The first way to improve the code performance is to convert the array of structure (AoS) to structure of arrays (SoA). SoA can increase the amount of data accessed with unit strides. Instead of defining a large number of coefficients tuples (a, b, c) and roots tuples (x₁,x₂), we can rearrange the data structure so that we allocate them in 5 large arrays called a, b, c, x₁ and x₂ (refer to the program myVectorizedApp.c). In addition, instead of using malloc to allocate memory, we use _mm_malloc to align data with 64-byte boundary (see next section).

float *coef_a  = (float *)_mm_malloc(N * sizeof(float), 64);
float *coef_b  = (float *)_mm_malloc(N * sizeof(float), 64);
float *coef_c  = (float *)_mm_malloc(N * sizeof(float), 64);
float *root_x1 = (float *)_mm_malloc(N * sizeof(float), 64);
float *root_x2 = (float *)_mm_malloc(N * sizeof(float), 64);

4.2. Further improvement: removing type conversion, data alignment

The next step is to remove unnecessary type conversion. For example, the function sqrt() takes a double precision as input. But since we pass a single precision as input in this program, the compiler needs to convert single precision to double precision. To remove unnecessary data type conversion, use sqrtf() instead of sqrt(). Similarly, use single precision instead of integer, and so on. For example, instead of using 4, we use 4.0f. Note that 4.0 (without the f suffix) is a double-precision floating number while 4.0f is a single-precision floating number.

Data alignment helps data move efficiently when data have to be moved from and to memory. For the Intel Xeon Phi processor, data movement is optimal when the data starting address lies on the 64-byte boundary, just like for the Intel® Xeon Phi™ coprocessor. To help the compiler vectorize, you need to allocate memory with 64-byte alignment, and use pragma/directives where data is used to tell the compiler that memory access is aligned. Vectorization performs best with properly aligned data. In this document, vectorization refers to the ability to process multiple data in a single instruction (SIMD).

In the above example, to align heap-allocated data, we use _mm_malloc() and _mm_free() to allocate arrays. Note that _mm_malloc() behaves as malloc() but takes an alignment parameter (in bytes) as a second argument, which is 64 for the Intel Xeon Phi processor. We need to inform the compiler by inserting a clause before the data used assume_aligned(a, 64) to indicate the array a is aligned. To inform the compiler that all arrays accessed in a given loop are aligned, add the clause #pragma vector aligned before the loop.

4.3. Use auto-vectorization, run a compiler report, and disable vectorization via a compiler switch

Vectorization refers to programming techniques that use the Vector Processing Units (VPU) available to perform an operation on multiple values simultaneously. Auto-vectorization is the capability of a compiler to identify opportunities in the loops and perform vectorization accordingly. You can take advantage of the auto-vectorization feature in the Intel compiler since auto-vectorization is enabled for the default optimization level –O2 or higher.

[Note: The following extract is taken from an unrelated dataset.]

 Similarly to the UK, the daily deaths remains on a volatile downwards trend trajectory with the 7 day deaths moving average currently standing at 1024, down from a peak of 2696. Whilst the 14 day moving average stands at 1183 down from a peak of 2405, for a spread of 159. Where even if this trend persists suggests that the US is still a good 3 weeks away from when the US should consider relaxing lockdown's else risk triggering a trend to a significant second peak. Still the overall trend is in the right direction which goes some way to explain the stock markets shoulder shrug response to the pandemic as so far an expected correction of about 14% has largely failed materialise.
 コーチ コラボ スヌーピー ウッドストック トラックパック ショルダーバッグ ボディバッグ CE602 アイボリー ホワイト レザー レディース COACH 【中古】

For example, when the mySerialApp.c sample code is compiled using the Intel compiler icc, by default, the compiler looks for vectorization opportunities at the loops. However, the compiler needs to follow certain rules (loop trip must be known, single entry and single exit, straight-line code, the innermost loop of a nest, and so on) in order to vectorize these loops. You can help the compiler to vectorize these loops by providing additional information.

To determine whether or not your code is vectorized, you can generate a vectorization report by specifying the option -qopt-report=5 -qopt-report-phase:vec. A vectorization report (*.optrpt) is then generated by the compiler. The report tells you whether or not vectorization is done at each loop and a brief explanation about loop vectorization. Note that the vectorization report option is –qopt-report=<n>, where n is used to specify the level of details.

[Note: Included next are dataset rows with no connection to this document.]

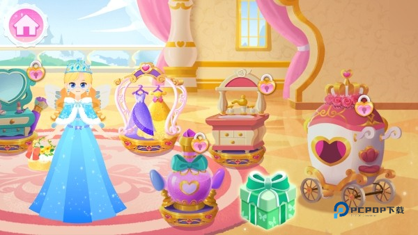 2、游戏内有多种玩法,点击衣柜可给公主换装,点击梳妆柜可给公主化妆。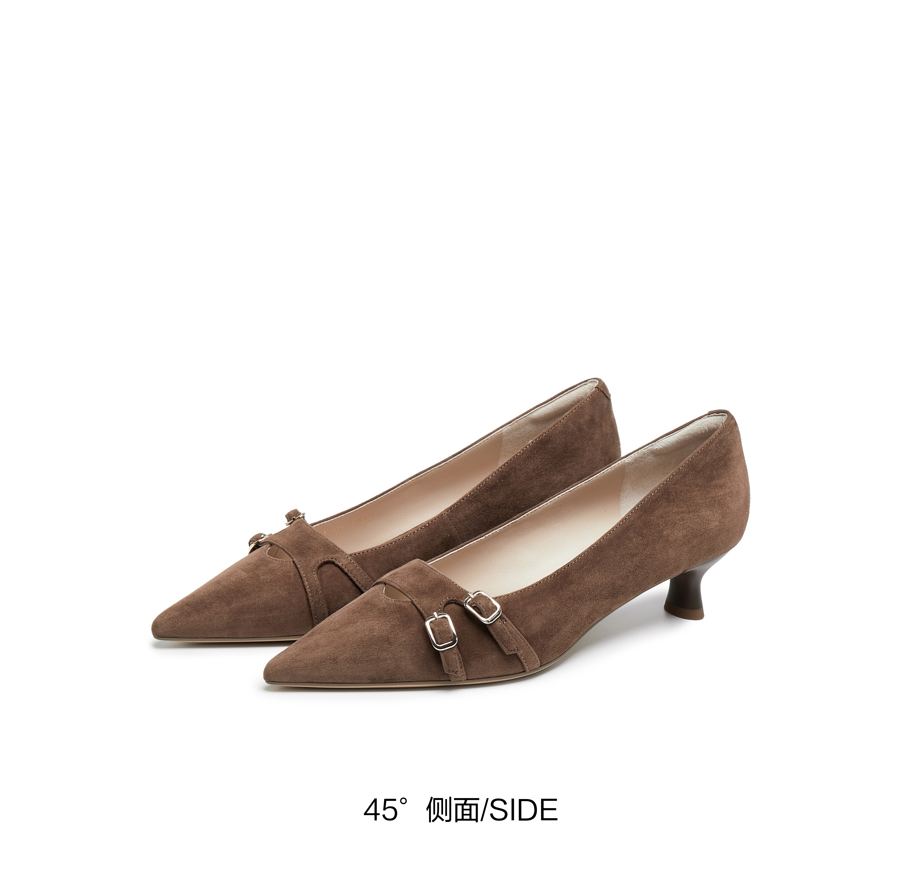 | 鞋面内里材质:猪皮羊皮革 | 色系:咖啡色 | 跟高数值:4CM | 配跟:无 | 性别:女子 |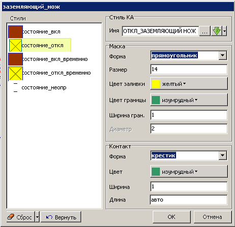 В редакторе Модус на оперативной схеме выделить заземляющий нож, ПКМ активировать контекстное меню, в котором выбрать строку ‘Стили КА’ и настроить их. На Рис. 7.35 приведен пример настройки переносного плаката заземления (с учетом требований ФСК ЕЭС).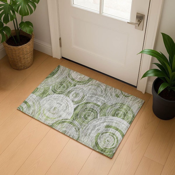 Mayfield Premium Machine Washable Abstract AMF1750 Aloe 2 ft. x 3 ft. Area Rug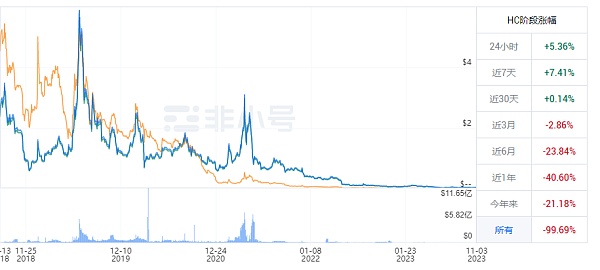 根据上图,HC币在过去24小时中的涨幅为+5.36%,24小时成交量为294.62万,24小时成交额为131.48万。
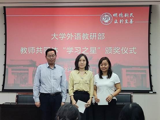 部党委副书记、副主任蒋框为教师共同体“学习之星”颁奖。他们分别是领读人姜晓娜、韩雯静、郑玮、薛丽娜、郭云仙,成员王玲、张聪沛、安琪、薛丽娜、于建凯、李冬青、曲捷、郑玮。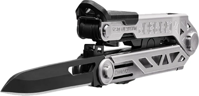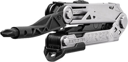 Nástroje: Kleště needlenose / Nůž s hladkým ostřím / Nůž se zubatým ostřím / Otvírák na lahve / Vytahovák hřebíků / Pilník / Pravítko / Páčidlo / Šídlo / Křížový šroubovák / Malý plochý šroubovák / Klasické kleště / Výměnné karbidové břity / Magnetický nástavec na bity

4.4. Compile with optimization level `–O3`

Now compile the application with optimization level –O3. This optimization level is for maximum speed and is a more aggressive optimization than the default optimization level –O2.

With auto-vectorization, at each iteration loop, instead of processing one element at a time, the compiler packs 16 single-precision floating numbers in a vector register and performs the operation on that vector.

$ icc myVectorizedApp.c –O3 -qopt-report -qopt-report-phase:vec -o myVectorizedApp

The compiler generates the following output files: a binary, myVectorizedApp, and a vectorization report, myVectorizedApp.optrpt. To run the binary:

$ ./myVectorizedApp No. of Elements : 512M Repetitions = 10 Start allocating buffers and initializing .... Elapsed time in msec: 30496 (after 10 iterations)

The binary runs with only one thread but with vectorization. The myVectorizedApp.optrpt report should confirm that all the inner loops are vectorized.

To compare, also compile the program with the -no-vec option:

$ icc myVectorizedApp.c –O3 -qopt-report -qopt-report-phase:vec -o myVectorizedApp-noVEC -no-vec icc: remark #10397: optimization reports are generated in *.optrpt files in the output location

Now run the myVectorizedApp–noVEC binary:

$ ./myVectorizedApp-noVEC No. of Elements : 512M Repetitions = 10 Start allocating buffers and initializing .... Elapsed time in msec: 180375 (after 10 iterations)

This time the myVectorizedApp.optrpt report shows that loops are not vectorized because auto-vectorization is disabled as expected.

We now can observe two improvements. The improvement from the original version (461,222 msec) to the no-vec version (180,375 msec) is basically due to general optimization techniques. The improvement from the version without vectorization (180,375 msec) to the one with vectorization (30,496 msec) is due to auto-vectorization.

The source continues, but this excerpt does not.